Михаил (?-992) ‑ первый митрополит Руси, грек; по одной из позднейших киевских летописей после крещения построил в Киеве деревянную церковь в честь Михаила Архистратига. Первоначально его мощи находились в Десятинной церкви, затем в Ближних пещерах Киево-Печерского монастыря; в 1730 году были перенесены в Великую церковь лавры. Канонизирован РПЦ. Память 15/28 июня и 30 сентября/13 октября.
Ярополк I Святославич (961-980) – великий князь Киевский (972-980). Сын Святослава Игоревича и Предславы. После присоединения Новгорода стал единым государем Руси. Ярополк предпринимал дипломатические связи с германским императором Оттоном II: русские послы посетили императора на съезде князей в Кведлинбурге (973). По данным Никоновской летописи, к Ярополку приходили послы из Рима от папы. При Ярополке началась чеканка первых собственных монет Древнерусского государства, напоминающих арабские (известно чуть более 10 экземпляров. В 1044 году племянник Ярополка, Ярослав Мудрый, велел вырыть из могилы кости дядьёв Ярополка и Олега, крестить их останки (что христианскими канонами запрещено) и перезахоронить их рядом с Владимиром в Десятинной церкви в Киеве.
Владимир Святославич (в крещ. Василий) (?-1015) ‑ великий князь Киевский, святой, равноапостольный, былинный Красное Солнышко. Укрепляя государственную власть при опоре на религию, в 980 г. сооружает пантеон богов во главе со златоусым и сребровласым Перуном в окружении Хорса (Коло), Даждьбога, Стрибога, Велеса и Макоши; в 988 проводит крещение в Киеве, что положило начало официальному христианству на Руси. В ознаменование принятия новой религии осуществил строительство церкви Успения Богородицы (Десятинной) в Киеве (989-996). По воле великого князя в земле Червенской построена деревянная церковь Богородицы. Для просвещения народы было принято два закона: «Закон о судах церковных» и «Закон судный людям». В позднейших летописных описаниях нашествия татаро-монголов и разгрома в Киеве церкви св. Василия в 1240 г. перечисляются предметы, принадлежавшие князю Владимиру и там хранившиеся в течение двух веков.
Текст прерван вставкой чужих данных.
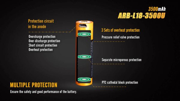 Зарядната батерия ARB-L18-3500U USB е най-мощната батерия от тип 18650 на Fenix. Тя може да се зарежда от вградения USB порт или от външно зарядно устройство. В анода е вградена защитна верига и покрита с нитована стоманена обвивка като по този начин потенциалният риск от късо съединение, причинен от сблъсък или удар, е максимално елиминиран!

Ярослав Мудрый (в крещ. Георгий) (ок. 978-1054) – великий князь Киевский (с 1019), сын великого князя Владимира и полоцкой княжны Рогнеды Рогволодовны. Поставил первого русского митрополита Иллариона (1051-1053), установил династические связи со странами Европы. Содействовал просвещению, строительству храмов, развитию книгописания. Наряду с духовными стали открываться светские школы, увеличивается грамотность населения. В Новом Торгу (Торжке) основан Борисоглебский монастырь (1038). В Новгороде заложен каменный Софийский собор (1043), достроен и освящён в 1051 г. Основаны Елецкий Успенский мужской монастырь в Чернигове, Спасо-Преображенский мужской монастырь в Новгороде-Северском. Подготовил свод законов «Правда Ярослава» («Русская правда»). Древнейший из портретов киевского князя был выполнен при его жизни на известной фреске в соборе святой Софии, часть фрески с портретами Ярослава и его жены Ингигерды утрачена, сохранилась лишь копия. Канонизирован РПЦ как благоверный князь. Память: 20 февраля/5 марта /4 марта в високосный год.
Антоний Печерский (983-1073) – основатель Киево-Печерского монастыря (1051) и монастыря в Чернигове (1069). Канонизирован РПЦ. Почитается как «начальник всех русских монахов». Именем Антония названы Ближние (Антониевы) пещеры Киево-Печерской лавры и пещеры черниговского Троице-Ильинского монастыря. Память преподобного Антония совершается: 10 (23) июля, 2 (15) сентября (вместе с преподобным Феодосием Печерским), 28 сентября (11 октября) (в составе Собора преподобных отцов Киево-Печерских, в Ближних пещерах почивающих). Канонизирован РПЦ. Память 10/23 июля, 28 сентября/11 сентября.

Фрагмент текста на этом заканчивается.